Entries supplied
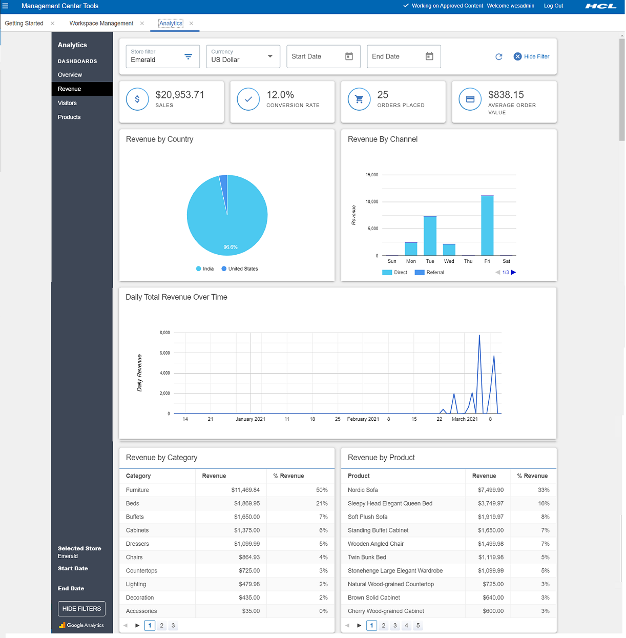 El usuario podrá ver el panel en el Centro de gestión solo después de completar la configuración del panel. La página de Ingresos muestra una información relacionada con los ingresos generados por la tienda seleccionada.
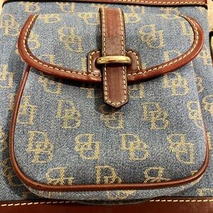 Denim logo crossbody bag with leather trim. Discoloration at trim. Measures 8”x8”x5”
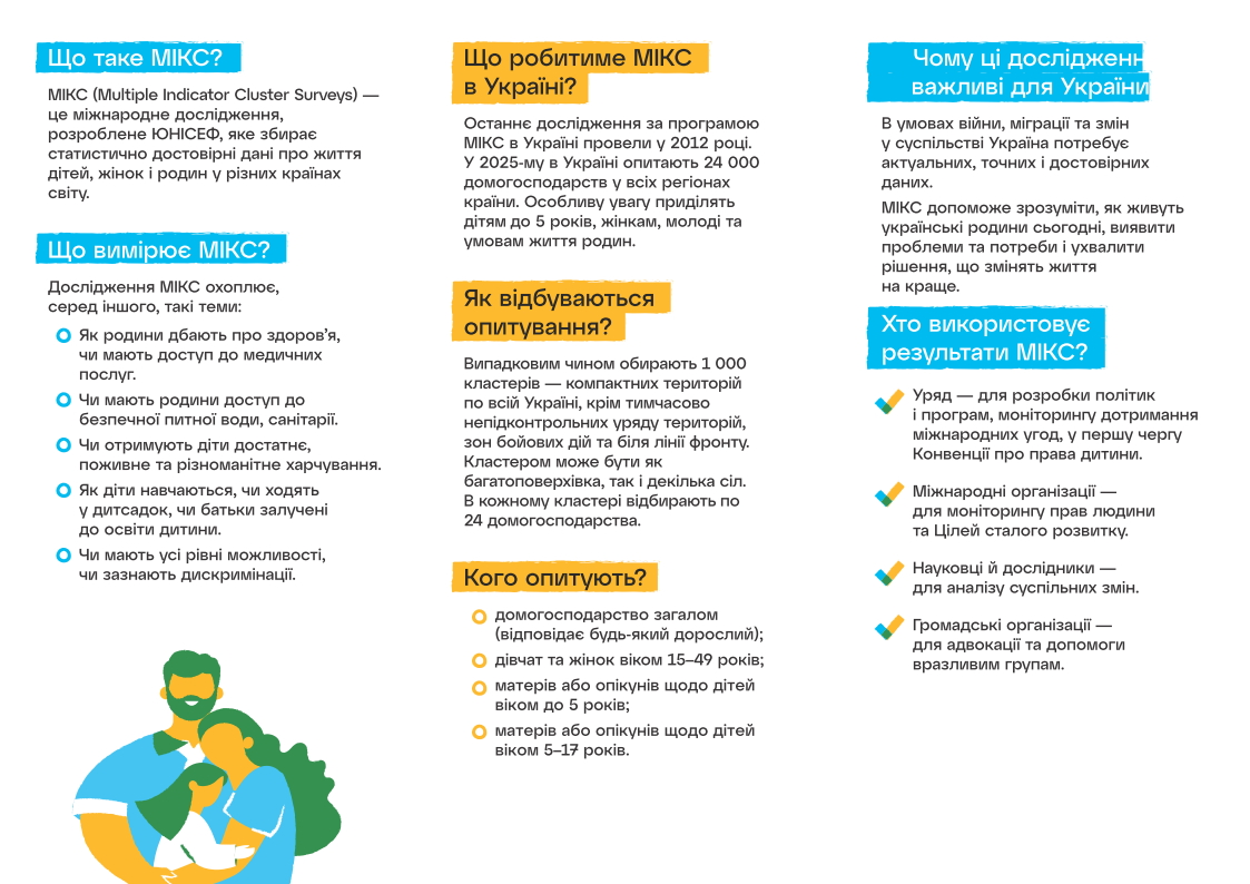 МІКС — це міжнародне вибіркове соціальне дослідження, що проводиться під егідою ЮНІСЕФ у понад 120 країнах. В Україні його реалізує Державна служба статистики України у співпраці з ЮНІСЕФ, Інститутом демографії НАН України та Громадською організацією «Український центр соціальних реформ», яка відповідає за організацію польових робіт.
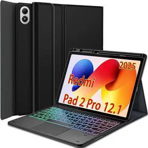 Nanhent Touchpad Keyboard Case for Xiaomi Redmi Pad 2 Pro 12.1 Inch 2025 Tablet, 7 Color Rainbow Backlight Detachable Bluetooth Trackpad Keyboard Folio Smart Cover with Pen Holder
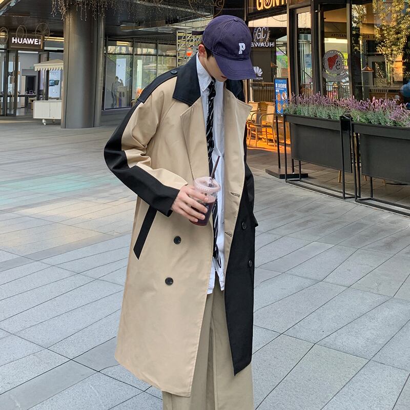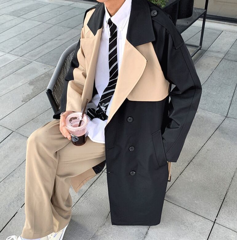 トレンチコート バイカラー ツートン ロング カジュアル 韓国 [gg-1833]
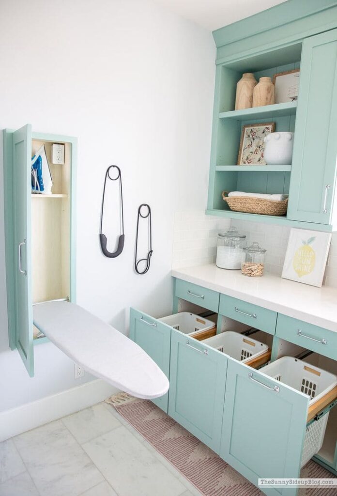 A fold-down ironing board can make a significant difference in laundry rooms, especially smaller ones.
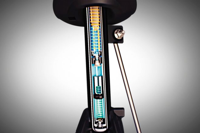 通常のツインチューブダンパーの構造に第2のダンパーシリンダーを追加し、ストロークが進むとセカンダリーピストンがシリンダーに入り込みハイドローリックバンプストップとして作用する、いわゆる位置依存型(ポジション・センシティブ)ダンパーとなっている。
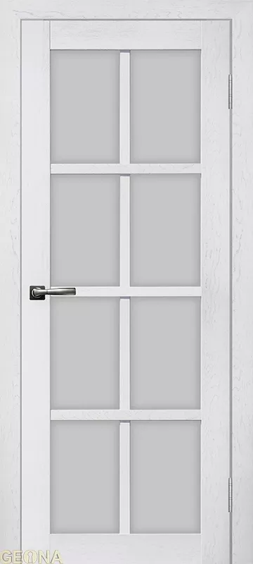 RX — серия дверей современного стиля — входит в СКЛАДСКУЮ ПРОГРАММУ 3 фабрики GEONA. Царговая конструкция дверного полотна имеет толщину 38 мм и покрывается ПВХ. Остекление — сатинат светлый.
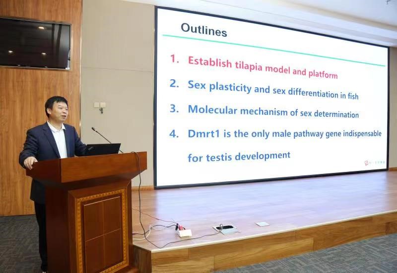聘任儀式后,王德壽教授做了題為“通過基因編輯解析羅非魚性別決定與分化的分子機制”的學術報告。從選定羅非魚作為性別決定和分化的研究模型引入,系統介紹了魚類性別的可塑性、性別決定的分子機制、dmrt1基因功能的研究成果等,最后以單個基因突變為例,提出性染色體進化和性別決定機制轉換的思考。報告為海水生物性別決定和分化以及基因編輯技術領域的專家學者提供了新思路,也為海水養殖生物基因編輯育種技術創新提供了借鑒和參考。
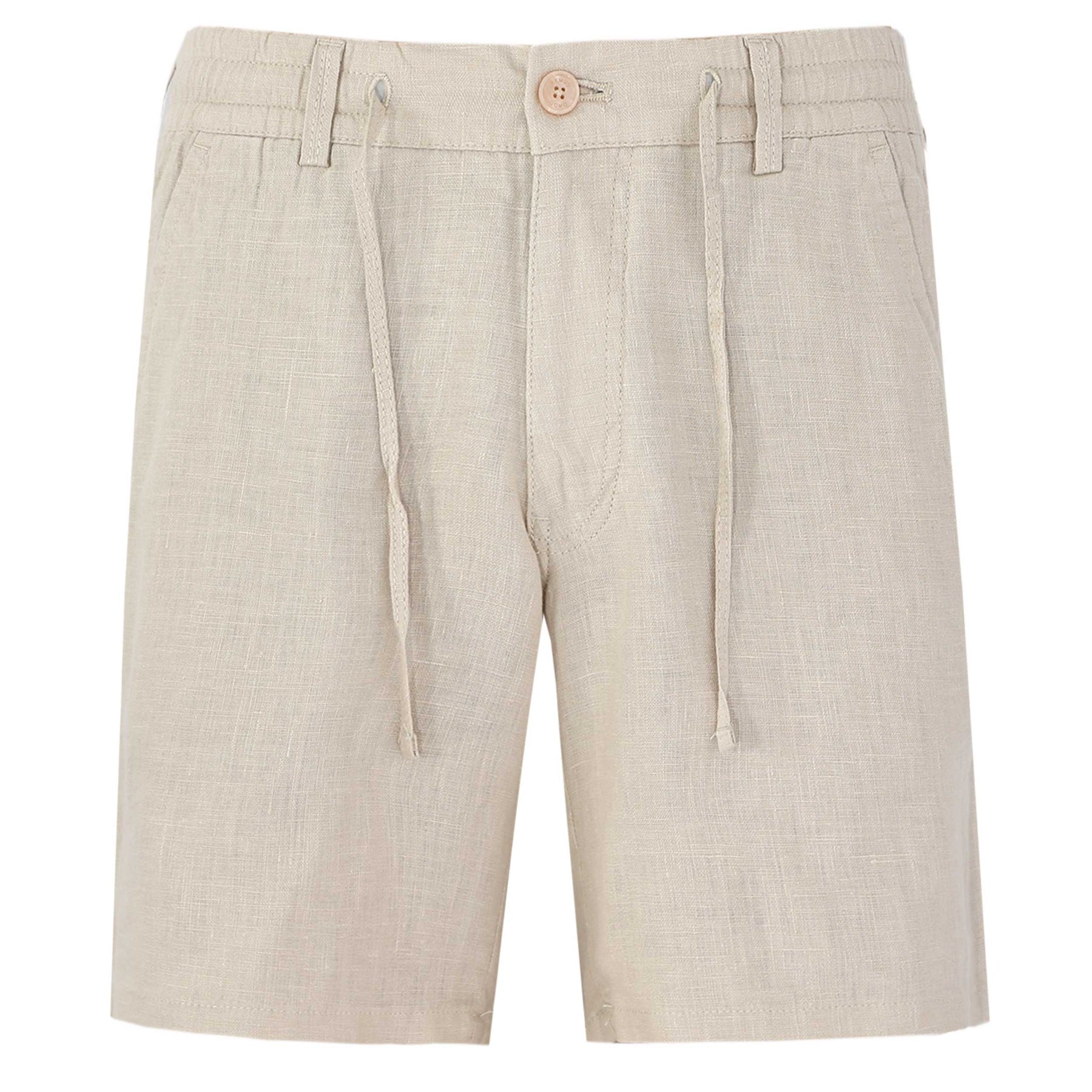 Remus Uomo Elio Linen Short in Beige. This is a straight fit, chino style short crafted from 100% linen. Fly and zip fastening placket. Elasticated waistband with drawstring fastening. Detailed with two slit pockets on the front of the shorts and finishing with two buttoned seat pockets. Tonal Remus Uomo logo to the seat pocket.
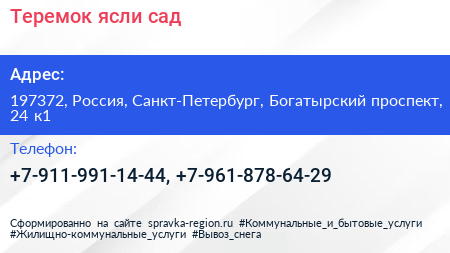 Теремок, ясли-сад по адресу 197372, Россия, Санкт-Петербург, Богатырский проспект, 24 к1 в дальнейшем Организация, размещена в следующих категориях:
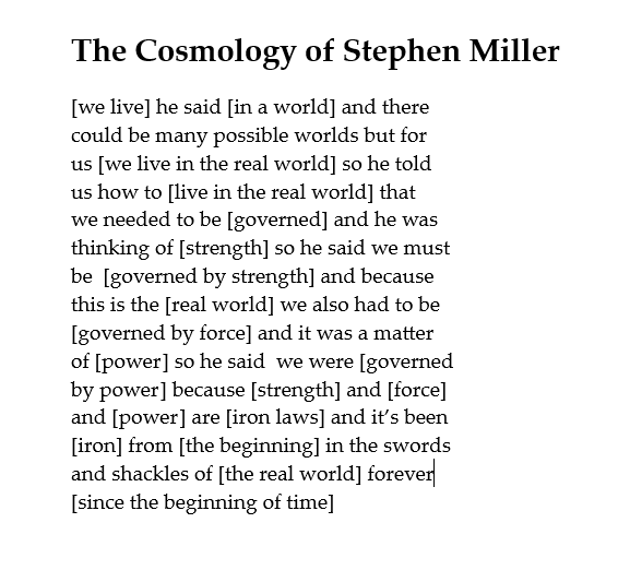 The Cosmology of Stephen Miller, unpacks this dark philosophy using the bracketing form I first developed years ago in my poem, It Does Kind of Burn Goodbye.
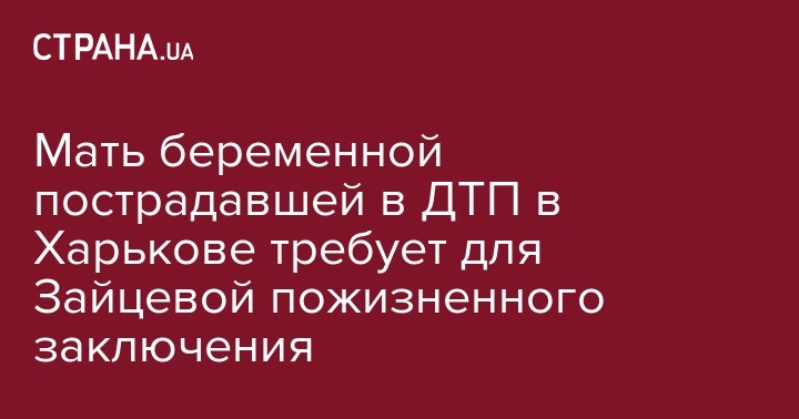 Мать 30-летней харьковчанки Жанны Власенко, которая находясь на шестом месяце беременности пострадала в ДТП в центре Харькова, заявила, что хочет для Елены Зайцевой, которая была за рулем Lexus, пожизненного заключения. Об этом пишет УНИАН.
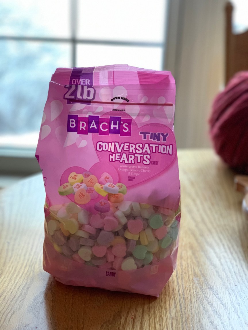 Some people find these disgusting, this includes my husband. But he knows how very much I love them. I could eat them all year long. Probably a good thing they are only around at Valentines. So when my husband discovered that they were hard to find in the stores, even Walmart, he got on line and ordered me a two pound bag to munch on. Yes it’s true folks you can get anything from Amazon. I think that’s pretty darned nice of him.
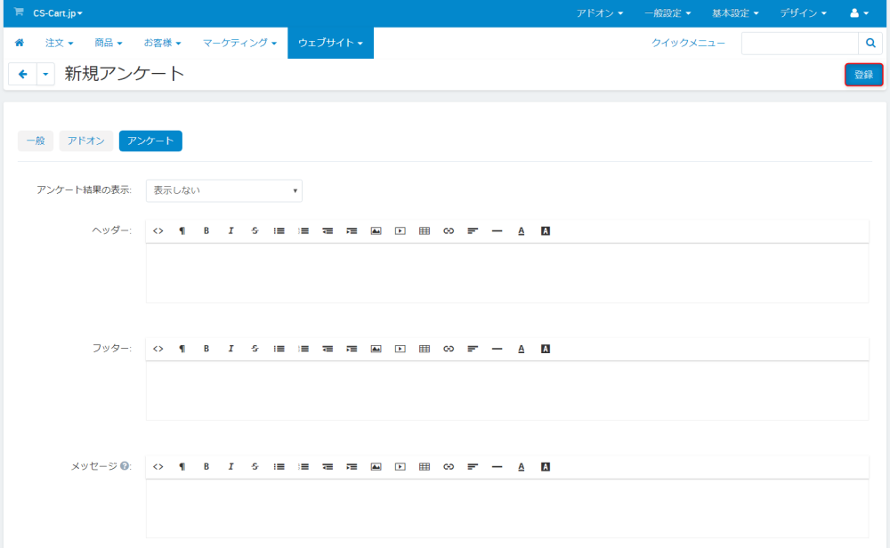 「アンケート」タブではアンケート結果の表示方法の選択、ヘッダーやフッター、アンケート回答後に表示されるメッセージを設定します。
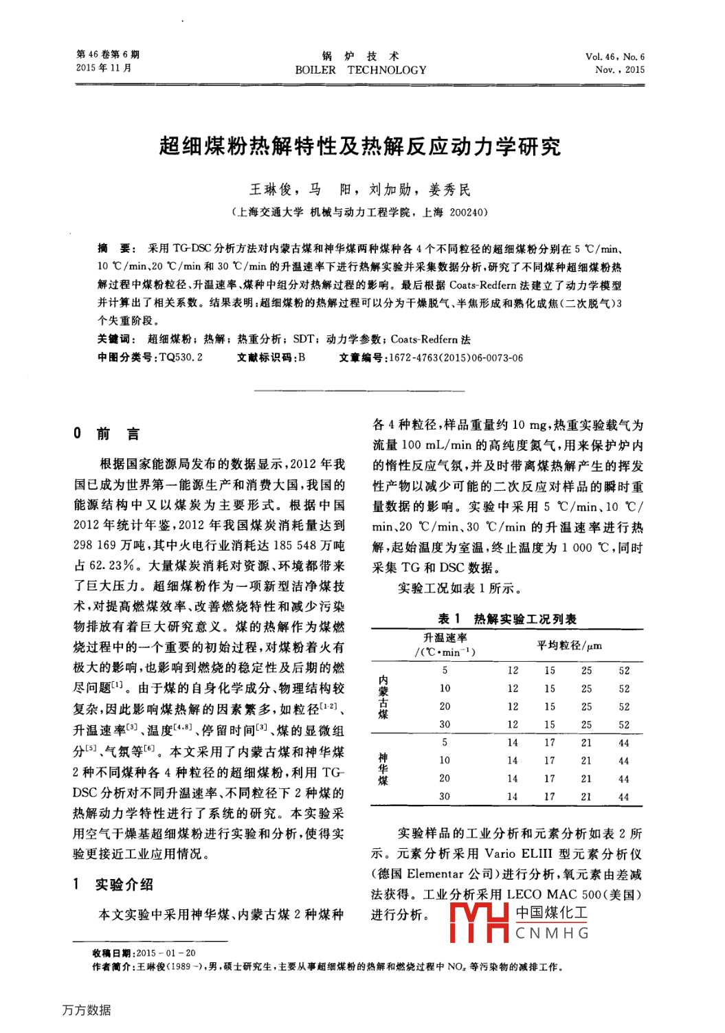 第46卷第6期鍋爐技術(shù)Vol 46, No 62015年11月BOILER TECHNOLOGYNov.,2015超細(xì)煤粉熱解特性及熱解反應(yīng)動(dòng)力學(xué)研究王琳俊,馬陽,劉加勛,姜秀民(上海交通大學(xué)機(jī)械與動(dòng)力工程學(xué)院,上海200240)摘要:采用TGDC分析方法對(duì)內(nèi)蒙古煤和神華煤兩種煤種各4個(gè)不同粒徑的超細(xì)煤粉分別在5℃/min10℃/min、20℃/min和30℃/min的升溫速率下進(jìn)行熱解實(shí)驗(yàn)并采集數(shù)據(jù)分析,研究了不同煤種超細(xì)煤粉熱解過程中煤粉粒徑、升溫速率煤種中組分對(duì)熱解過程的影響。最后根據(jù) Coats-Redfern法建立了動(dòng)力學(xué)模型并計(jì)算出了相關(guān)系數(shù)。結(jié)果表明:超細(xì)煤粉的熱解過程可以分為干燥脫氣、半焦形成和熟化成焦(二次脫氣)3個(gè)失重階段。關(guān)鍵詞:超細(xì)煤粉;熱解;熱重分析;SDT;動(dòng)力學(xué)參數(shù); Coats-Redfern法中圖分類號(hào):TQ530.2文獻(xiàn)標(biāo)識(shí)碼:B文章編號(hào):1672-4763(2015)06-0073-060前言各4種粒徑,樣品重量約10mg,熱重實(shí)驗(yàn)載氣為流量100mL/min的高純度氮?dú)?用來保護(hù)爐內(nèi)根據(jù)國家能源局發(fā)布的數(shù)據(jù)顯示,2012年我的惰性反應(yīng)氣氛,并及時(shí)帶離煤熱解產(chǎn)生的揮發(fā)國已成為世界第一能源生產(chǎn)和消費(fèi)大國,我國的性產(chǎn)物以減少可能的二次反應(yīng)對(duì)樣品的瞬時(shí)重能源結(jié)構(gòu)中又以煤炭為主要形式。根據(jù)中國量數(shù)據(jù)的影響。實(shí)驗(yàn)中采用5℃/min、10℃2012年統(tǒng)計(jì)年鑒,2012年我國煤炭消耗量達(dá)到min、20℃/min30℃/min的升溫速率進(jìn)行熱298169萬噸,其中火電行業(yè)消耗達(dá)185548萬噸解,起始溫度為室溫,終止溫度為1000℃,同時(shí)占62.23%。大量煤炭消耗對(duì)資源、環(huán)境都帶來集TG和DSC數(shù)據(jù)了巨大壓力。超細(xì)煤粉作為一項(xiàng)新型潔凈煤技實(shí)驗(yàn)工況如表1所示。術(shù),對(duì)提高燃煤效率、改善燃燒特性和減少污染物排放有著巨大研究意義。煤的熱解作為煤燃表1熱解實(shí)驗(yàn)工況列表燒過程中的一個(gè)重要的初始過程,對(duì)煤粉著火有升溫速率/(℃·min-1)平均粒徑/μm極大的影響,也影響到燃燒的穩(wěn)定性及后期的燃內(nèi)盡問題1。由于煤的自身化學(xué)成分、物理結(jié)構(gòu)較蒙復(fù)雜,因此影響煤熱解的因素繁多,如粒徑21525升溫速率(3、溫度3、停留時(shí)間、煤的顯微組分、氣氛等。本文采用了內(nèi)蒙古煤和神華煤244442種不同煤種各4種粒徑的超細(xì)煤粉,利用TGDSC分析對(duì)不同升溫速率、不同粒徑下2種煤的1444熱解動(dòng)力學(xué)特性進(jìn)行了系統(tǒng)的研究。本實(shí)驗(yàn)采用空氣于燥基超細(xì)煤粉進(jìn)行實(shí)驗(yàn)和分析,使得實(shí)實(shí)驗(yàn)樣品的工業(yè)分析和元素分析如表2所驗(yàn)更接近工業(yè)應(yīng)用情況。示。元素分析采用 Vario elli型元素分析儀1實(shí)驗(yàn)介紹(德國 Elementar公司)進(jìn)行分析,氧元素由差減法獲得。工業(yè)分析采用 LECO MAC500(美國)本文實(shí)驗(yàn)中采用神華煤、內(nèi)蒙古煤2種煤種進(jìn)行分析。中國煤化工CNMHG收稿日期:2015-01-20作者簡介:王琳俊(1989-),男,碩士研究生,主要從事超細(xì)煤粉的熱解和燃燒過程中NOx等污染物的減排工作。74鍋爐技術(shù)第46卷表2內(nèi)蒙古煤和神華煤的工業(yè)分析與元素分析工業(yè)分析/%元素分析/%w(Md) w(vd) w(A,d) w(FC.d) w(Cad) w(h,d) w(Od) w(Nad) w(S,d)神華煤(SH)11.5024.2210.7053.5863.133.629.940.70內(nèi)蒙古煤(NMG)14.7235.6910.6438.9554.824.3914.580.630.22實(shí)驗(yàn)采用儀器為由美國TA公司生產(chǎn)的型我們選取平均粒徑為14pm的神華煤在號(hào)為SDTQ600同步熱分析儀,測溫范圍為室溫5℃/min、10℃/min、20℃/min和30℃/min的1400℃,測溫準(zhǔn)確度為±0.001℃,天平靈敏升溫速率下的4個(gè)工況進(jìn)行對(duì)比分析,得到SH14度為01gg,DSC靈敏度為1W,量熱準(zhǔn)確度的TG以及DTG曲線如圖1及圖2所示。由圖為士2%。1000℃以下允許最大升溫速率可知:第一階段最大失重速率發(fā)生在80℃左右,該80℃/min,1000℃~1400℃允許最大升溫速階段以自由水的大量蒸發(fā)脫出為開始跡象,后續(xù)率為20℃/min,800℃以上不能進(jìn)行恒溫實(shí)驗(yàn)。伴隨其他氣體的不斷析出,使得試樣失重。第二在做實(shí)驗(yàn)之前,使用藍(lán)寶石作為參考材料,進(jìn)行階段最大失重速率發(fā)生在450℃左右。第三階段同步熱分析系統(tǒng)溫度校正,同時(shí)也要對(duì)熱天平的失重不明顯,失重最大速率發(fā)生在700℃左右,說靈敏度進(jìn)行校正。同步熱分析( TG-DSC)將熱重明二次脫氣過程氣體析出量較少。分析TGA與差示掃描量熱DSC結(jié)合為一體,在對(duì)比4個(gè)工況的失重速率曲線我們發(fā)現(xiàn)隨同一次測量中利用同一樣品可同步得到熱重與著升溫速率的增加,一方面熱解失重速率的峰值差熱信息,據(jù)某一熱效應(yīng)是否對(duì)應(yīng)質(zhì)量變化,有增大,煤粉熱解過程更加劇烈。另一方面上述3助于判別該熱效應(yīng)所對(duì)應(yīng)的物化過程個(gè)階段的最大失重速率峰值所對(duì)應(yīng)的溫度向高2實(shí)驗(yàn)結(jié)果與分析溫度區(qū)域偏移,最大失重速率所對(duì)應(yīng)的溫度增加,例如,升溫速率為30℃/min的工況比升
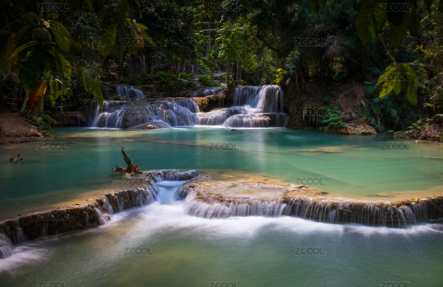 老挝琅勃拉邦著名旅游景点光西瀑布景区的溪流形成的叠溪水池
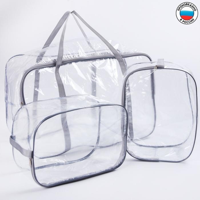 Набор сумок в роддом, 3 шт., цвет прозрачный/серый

About this exercise
Please copy the lines above exactly, starting at the line that holds "聘任儀式后,王德壽教授做了題" and ending at the line that holds "The Cosmology of"; include both, but no pictures.

Response to this exercise
聘任儀式后,王德壽教授做了題為“通過基因編輯解析羅非魚性別決定與分化的分子機制”的學術報告。從選定羅非魚作為性別決定和分化的研究模型引入,系統介紹了魚類性別的可塑性、性別決定的分子機制、dmrt1基因功能的研究成果等,最后以單個基因突變為例,提出性染色體進化和性別決定機制轉換的思考。報告為海水生物性別決定和分化以及基因編輯技術領域的專家學者提供了新思路,也為海水養殖生物基因編輯育種技術創新提供了借鑒和參考。
 Remus Uomo Elio Linen Short in Beige. This is a straight fit, chino style short crafted from 100% linen. Fly and zip fastening placket. Elasticated waistband with drawstring fastening. Detailed with two slit pockets on the front of the shorts and finishing with two buttoned seat pockets. Tonal Remus Uomo logo to the seat pocket.
 Теремок, ясли-сад по адресу 197372, Россия, Санкт-Петербург, Богатырский проспект, 24 к1 в дальнейшем Организация, размещена в следующих категориях:
 The Cosmology of Stephen Miller, unpacks this dark philosophy using the bracketing form I first developed years ago in my poem, It Does Kind of Burn Goodbye.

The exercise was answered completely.